Dimensions: overall: 21.2 x 29.2 cm (8 3/8 x 11 1/2 in.) Original IAD Object: 6" high; 3 1/2" wide

Copyright: National Gallery of Art: CC0 1.0

Curator: Well, this is a disquieting image. The use of color is almost monochromatic. Editor: Indeed, this work, "Indian Chief Coin Bank," likely completed around 1938, presents two views of such an object. It's attributed to William O. Fletcher and appears to be rendered in colored pencil. What reads as disturbing to you? Curator: It's the representation itself, the very idea of casting an Indigenous person as a commercial object, a bank. It feels like a double theft—of land and then of identity. That salute seems particularly loaded. Is it meant as a sign of respect? Or is it more about enforcing submission? Editor: It’s complicated. Consider the era. Images of Native Americans were common in popular culture, but rarely created by Native Americans themselves. There's an undeniable element of appropriation and control, you are right. Curator: The symbol of the salute too... gestures echo, shift in meaning over time.
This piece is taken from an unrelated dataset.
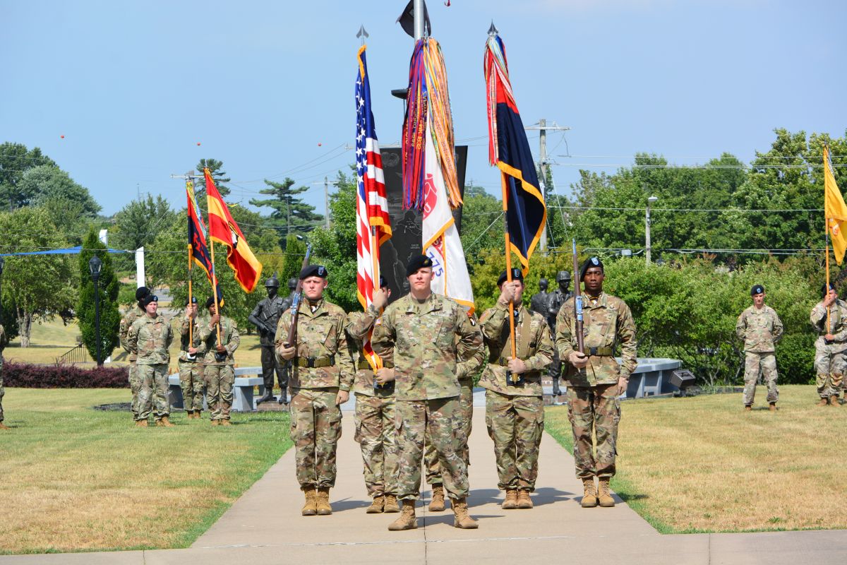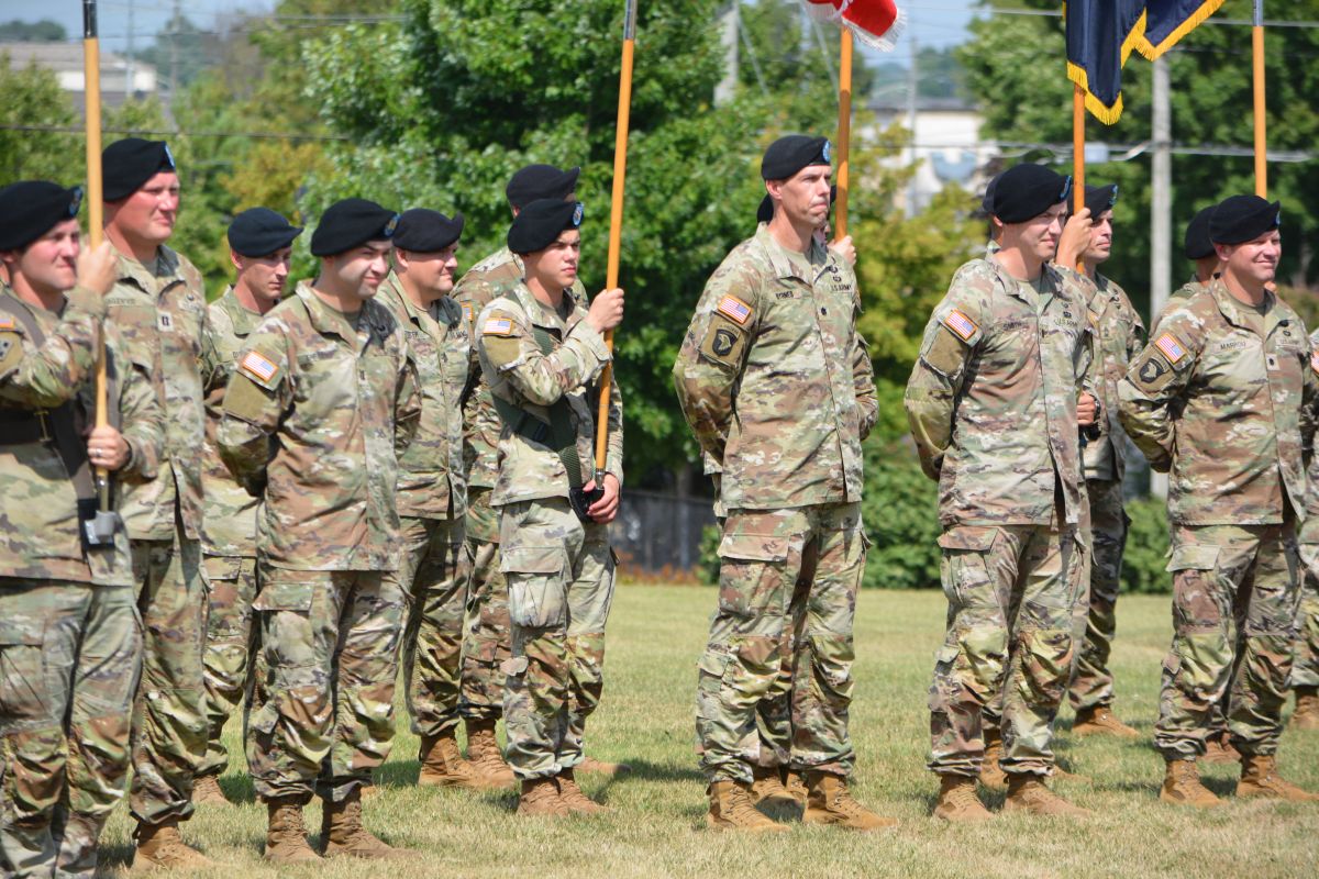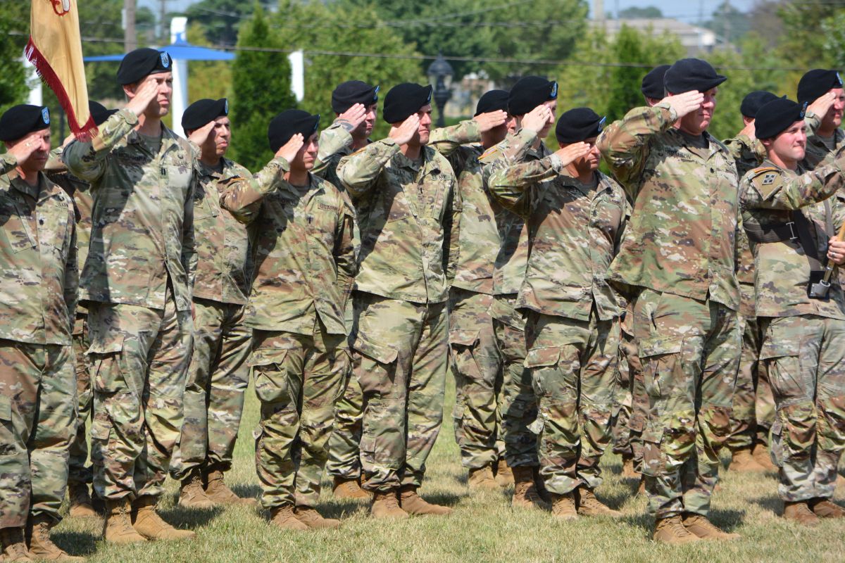 101st soldiers at the 101st Airborne Division (Air Assault) Colors Casing Ceremony at 101st Division Headquarters in preparation for deployment to Europe on, July 5, 2022. (Lee Erwin)

We are trained, visually, by how history tells us what is significant. The angle, color, costume—everything locks into colonial narrative. Editor: Precisely. The composition choices reflect a deliberate construction of the 'Indian' figure, fitting within a long lineage of romanticized, yet dehumanizing, portrayals. Consider the context—this piece would likely have reinforced stereotypical views. Curator: Looking at the back view, with the slot for the coins, the symbolic reduction is blatant. It's not a person; it’s a container, a thing. This little gesture –hand raised as if offering—now becomes about extraction. I wonder how viewers interpret it today. Editor: That's a powerful question, one we must ask of all historical images. This work provides a stark example of how images, seemingly innocuous, carry potent ideological weight and continue to resonate with unsettling implications. Curator: Images can trap, as much as transport us, historically. Understanding their journey through cultural shifts is what makes the artwork so important to reflect on, no matter how unsettling it can feel at times. Editor: I concur entirely, grappling with uncomfortable historical representations are essential in dissecting systems that gave them credence to begin with. That reflective approach provides potential avenues towards dismantling those inequities as they persist into contemporary life.